Materials and Methods
Subjects
The study population included a group of 25 early-blind subjects (30.19 ± 4.83 years; male:female ratio, 14:11) and a control group of 25 age- and sex-matched sighted subjects (30.00 ± 6.58 years; male:female ratio, 14:11). All the subjects in both groups were right-handed, aged <40 years, had normal hearing thresholds in both ears (≤20 dB hearing level at 0.25, 0.5, 1, 2, 3, 4, and 8 kHz), and had no neurological or ontological problems. In the early-blind group, only those who were blind at birth or who became blind within 1 year of birth and those classified in Categories 4 and 5 according to the 2006 World Health Organization guidelines for the clinical diagnosis of visual impairment (Category 4, “light perception” but no perception of “hand motion”; Category 5, “no light perception”) were included (World Health Organization, 2006). Table 1 provides the characteristics of the blind subjects.

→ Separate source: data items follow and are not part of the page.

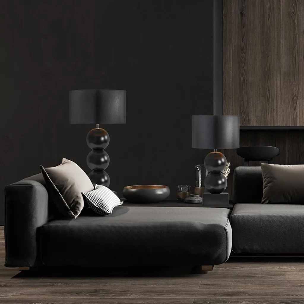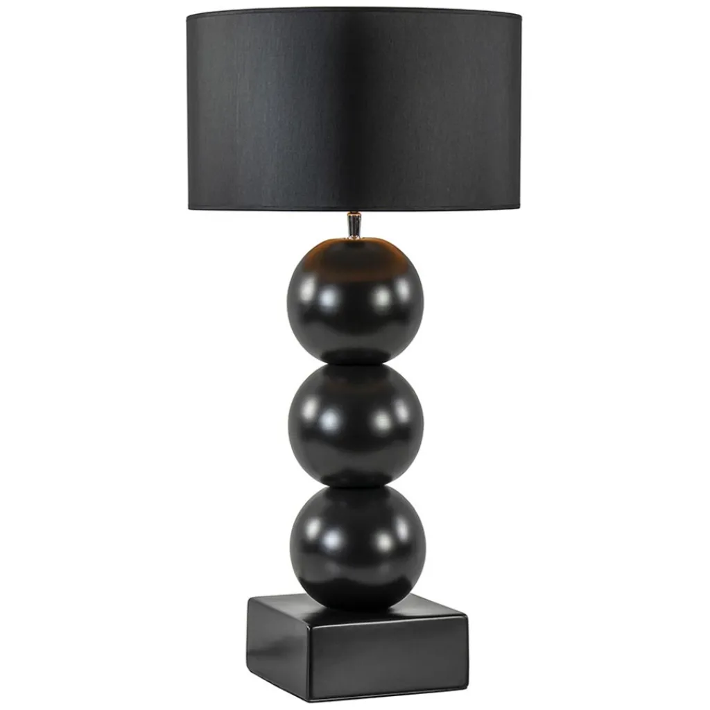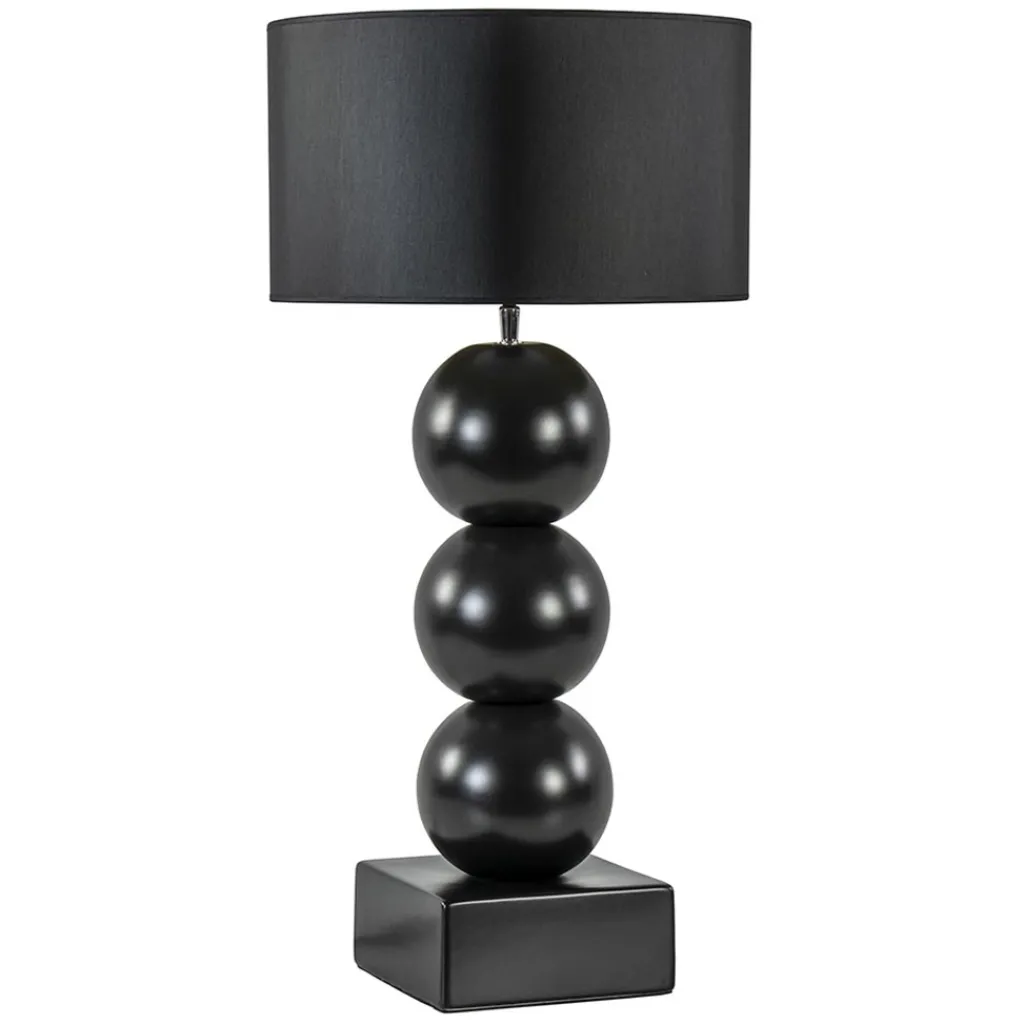 Een elegante toevoeging voor een strak klassiek of hotel chic interieur. De lampvoet is volledig gemaakt van keramiek en is uitgevoerd in het mat zwart. Dit geeft de tafellamp een luxe uitstraling die compleet wordt gemaakt door de ronde kap in het zwart/goud. Deze wordt ondersteund door een fitting met kogelgewricht zodat u de kap gemakkelijk recht kunt zetten. De tafellamp met bollen is voorzien van een zwart snoer met een lengte van 140 cm. De schakelaar bevindt zich op 20 cm van de voet. De chique tafellamp met kap wordt exclusief lichtbron geleverd.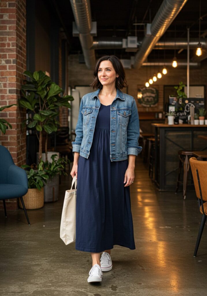 18. The Maxi Dress with Denim Jacket Casual Friday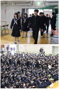 校舎内の全員で3年生の卒業を祝福しました。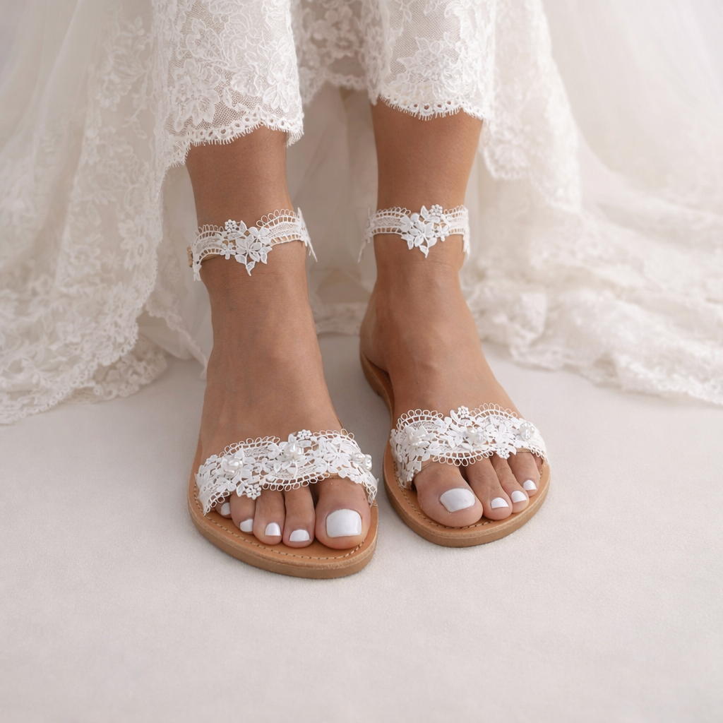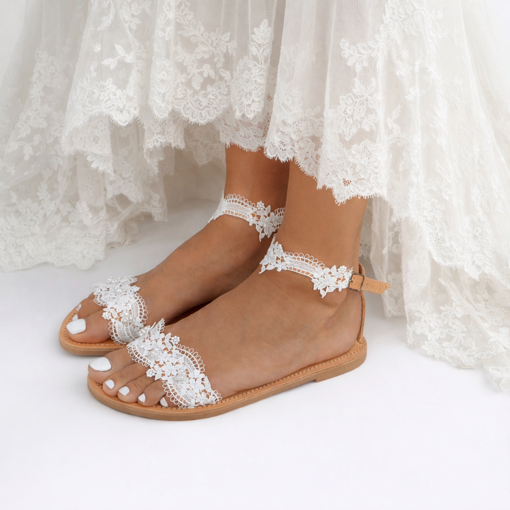 Our romantic leather sandals 'Cherish'. Hand decorated with a beautiful lace and hand stitched glossy pearls. They compliment the foot offering an elegant and delicate look.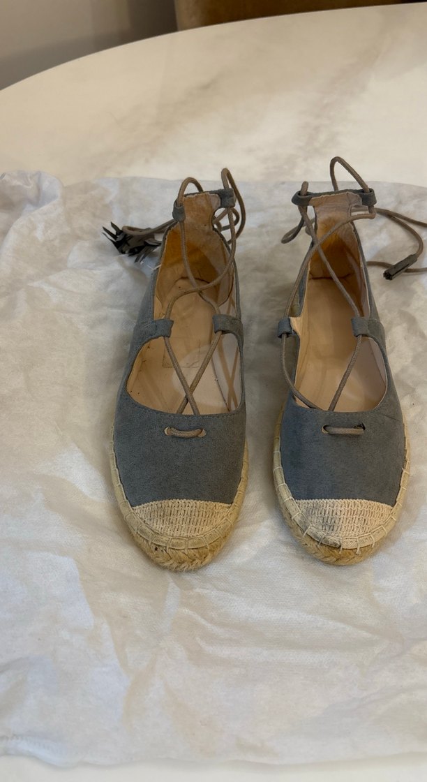 Gri süet espadriller, dolgu topuklu ve tokalı kayışlara sahiptir. Desensiz tasarımı, günlük kullanıma uygun trend ve rahat bir görünüm sunar. Derinod.Bir kere giyildi.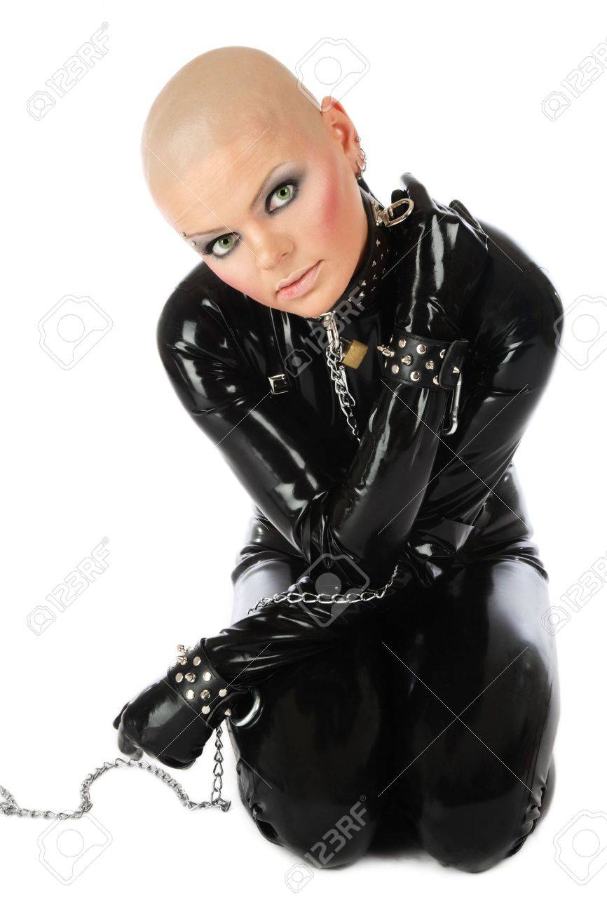 Girl in Latex mit gefesselten Brüsten stopft sich Flaschenhals rein

The study was conducted in accordance with the Declaration of Helsinki and the recommendations of the Institutional Review Board of Nowon Eulji Medical Center, with written informed consent from all subjects. Informed consent was obtained verbally from the blind subjects in the presence of a guardian or third party. The subjects then signed the consent form, and a copy was given to them.
Behavioral tests
The early-blind and sighted subjects performed four behavioral tests: digit span test (Wechsler, 1987), monosyllable recognition in noise (Bae et al., 2022), Korean Matrix sentence recognition in noise (Kim and Lee, 2018; Jung et al., 2022), and vocoded speech recognition (Choi et al., 2024). All tests were conducted in a soundproof room with an audiometer (Madsen Astera 2; GN Otometrics) and a loudspeaker installed in the frontal direction at 1 m from the subject's ear.
Digit span test
The digit span test was conducted to examine the effect of working memory on central auditory processing. All digit span tests consisted of the digits 1–9, and the digit sets were presented consecutively with an increasing number of digits from 3 to 10. The digit sets were randomly generated, and the same number of digits was repeated twice. The threshold of the digit span test was determined to be at least two incorrect responses to the previous digit series. The set of digits was presented at 70 dB sound pressure level (SPL), with a 1 s interval between sets. The subjects were asked to repeat the set of digits forward and backward.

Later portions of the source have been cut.